**Work instructions**
Reproduce every entry below precisely; do not include the pictures.

☆ ☆ ☆

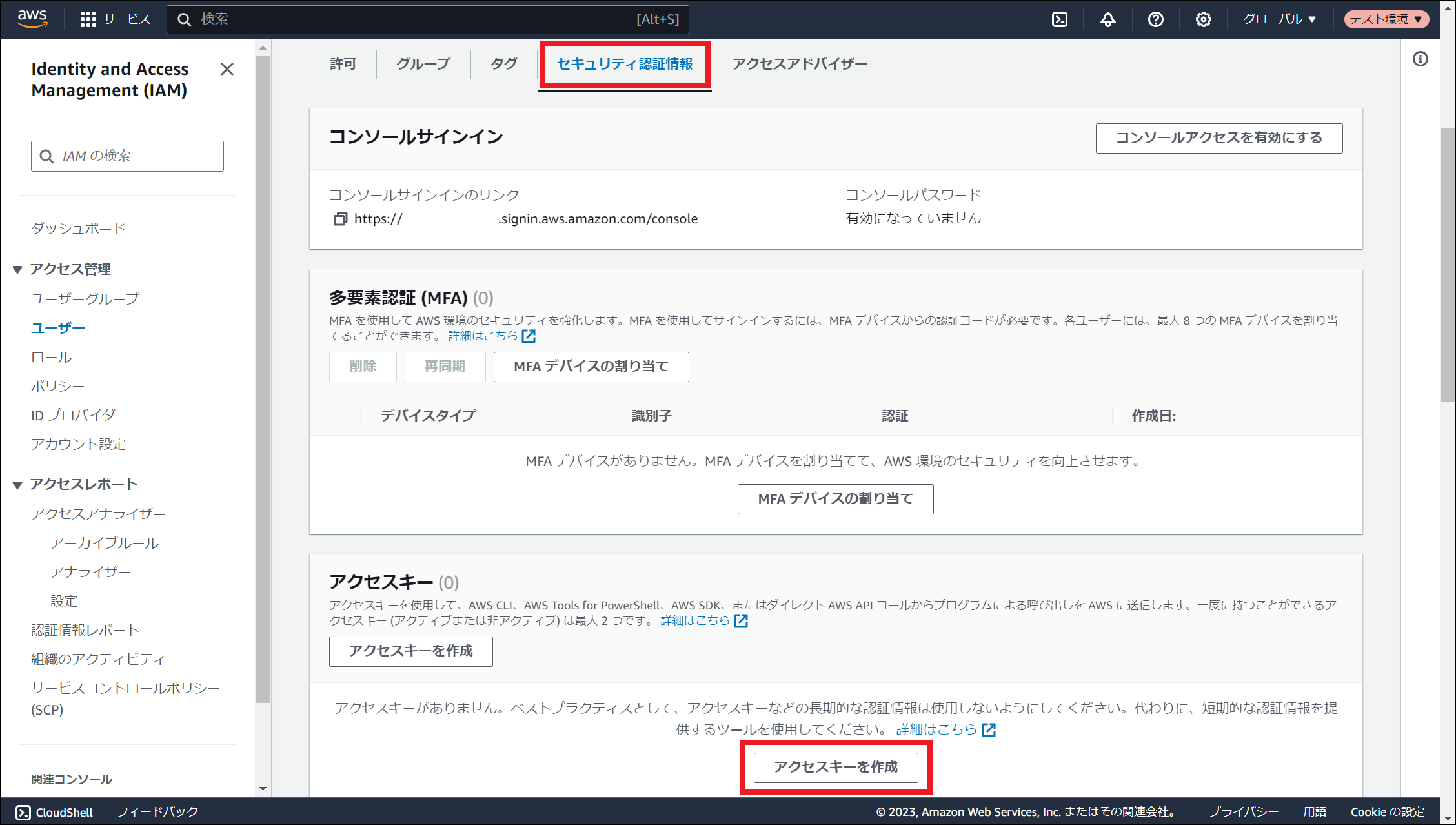 11.6.4.4. アクセスキーとシークレットキーの作成¶
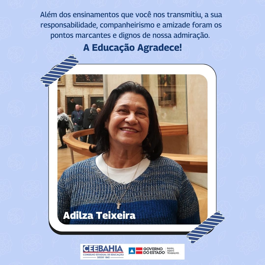 O Conselho Estadual de Educação da Bahia (CEE-BA) parabeniza a professora Adilza Teixeira pela sua aposentadoria, publicada no Diário Oficial do Estado (DOE) desta quinta-feira (14), e agradece toda dedicação em prol da educação baiana.
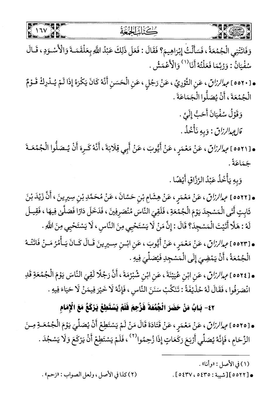 5522- عبد الرزاق، عَنْ مَعْمَرٍ، عَن هِشَامِ بْنِ حَسَّانَ، عَن مُحَمَّدِ بْنِ سِيرِينَ، أَنَّ زَيْدَ بن ثَابِتٍ أَتَى المَسْجِدَ يَوْمَ الْجُمُعَةِ، فَلَقِي النَّاسَ مُنْصَرِفِينَ، فَدَخَلَ دَارًا فَصَلَّى فِيهَا، فَقِيلَ لَهُ: هَلاَّ أَتَيْتَ المَسْجِدَ؟ قَالَ: إِنَّ مَنْ لاَ يَسْتَحْيِي مِنَ النَّاسِ لاَ يَسْتَحْيِي مِنَ اللهِ.
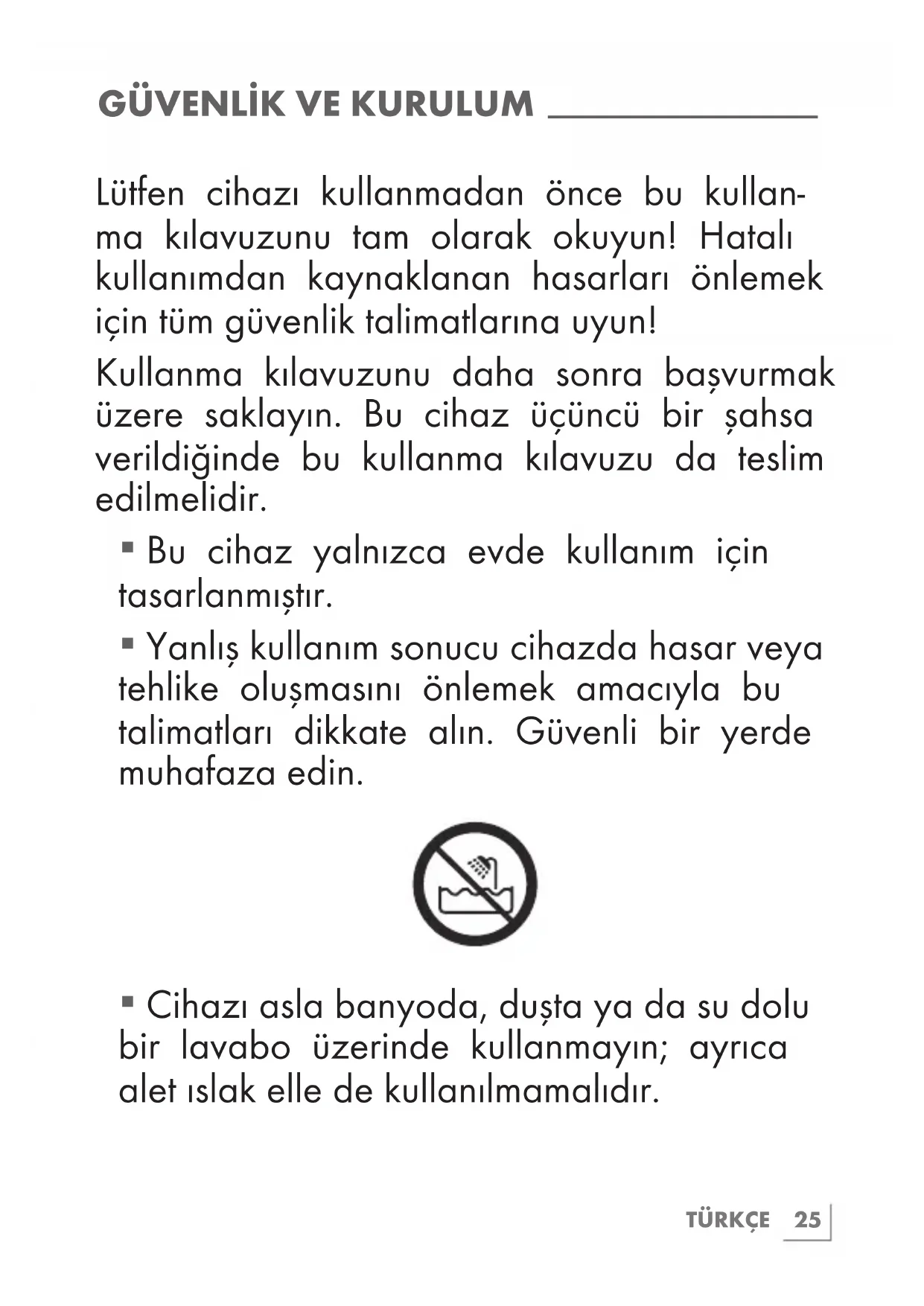 - Cihazı asla banyoda, duşta ya da su dolu bir lavabo üzerinde kullanmayın; ayrıca alet ıslak elle de kullanılmamalıdır.26
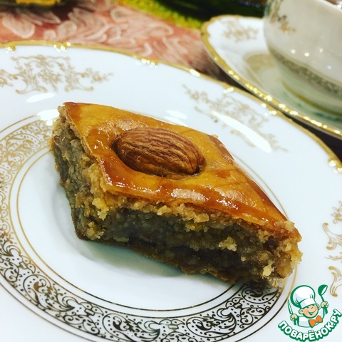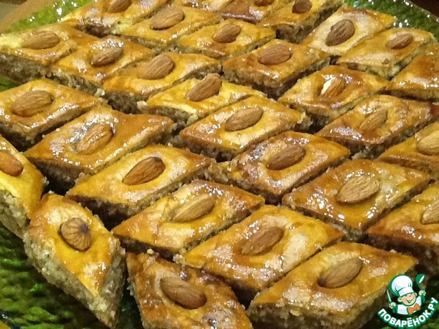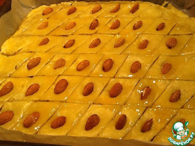 Вынимаем чуть схватившуюся пахлаву, делаем разрезы так чтоб получились ромбы (если так тяжело можно квадраты, но ромбы - классическая форма). И втыкаем в каждый ромбик орешек. У меня миндаль, но чаще это фундук (обжаренный и отшелушенный), можно и половинку грецкого ореха положить. Поливаем чайной ложечкой мед по разрезам, тонкой струйкой, чтоб везде хватило. Убираем в духовку допекаться.
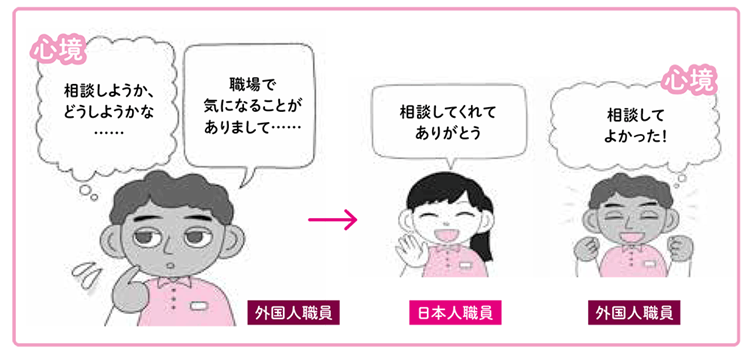日本人職員は相談してくれたこと自体に「ありがとう」と反応しています。
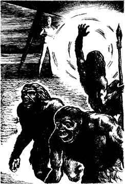 Тем временем, к их общему удивлению, драги попрятались в лесах. Они, должно быть, сочли чужой корабль новым чудом техники моков, может быть, даже каким-то необычным вызовом. Затем, размахивая дубинками и бросая копья, они выбежали из чащи леса на освещенное место, напрасно пытаясь пробудить чудовище к жизни. При этом они раздавили убегавших моков, просто не заметив их.

☆ ☆ ☆

**Exercise result**
 11.6.4.4. アクセスキーとシークレットキーの作成¶
 O Conselho Estadual de Educação da Bahia (CEE-BA) parabeniza a professora Adilza Teixeira pela sua aposentadoria, publicada no Diário Oficial do Estado (DOE) desta quinta-feira (14), e agradece toda dedicação em prol da educação baiana.
 5522- عبد الرزاق، عَنْ مَعْمَرٍ، عَن هِشَامِ بْنِ حَسَّانَ، عَن مُحَمَّدِ بْنِ سِيرِينَ، أَنَّ زَيْدَ بن ثَابِتٍ أَتَى المَسْجِدَ يَوْمَ الْجُمُعَةِ، فَلَقِي النَّاسَ مُنْصَرِفِينَ، فَدَخَلَ دَارًا فَصَلَّى فِيهَا، فَقِيلَ لَهُ: هَلاَّ أَتَيْتَ المَسْجِدَ؟ قَالَ: إِنَّ مَنْ لاَ يَسْتَحْيِي مِنَ النَّاسِ لاَ يَسْتَحْيِي مِنَ اللهِ.
 - Cihazı asla banyoda, duşta ya da su dolu bir lavabo üzerinde kullanmayın; ayrıca alet ıslak elle de kullanılmamalıdır.26
 Вынимаем чуть схватившуюся пахлаву, делаем разрезы так чтоб получились ромбы (если так тяжело можно квадраты, но ромбы - классическая форма). И втыкаем в каждый ромбик орешек. У меня миндаль, но чаще это фундук (обжаренный и отшелушенный), можно и половинку грецкого ореха положить. Поливаем чайной ложечкой мед по разрезам, тонкой струйкой, чтоб везде хватило. Убираем в духовку допекаться.
日本人職員は相談してくれたこと自体に「ありがとう」と反応しています。
 Тем временем, к их общему удивлению, драги попрятались в лесах. Они, должно быть, сочли чужой корабль новым чудом техники моков, может быть, даже каким-то необычным вызовом. Затем, размахивая дубинками и бросая копья, они выбежали из чащи леса на освещенное место, напрасно пытаясь пробудить чудовище к жизни. При этом они раздавили убегавших моков, просто не заметив их.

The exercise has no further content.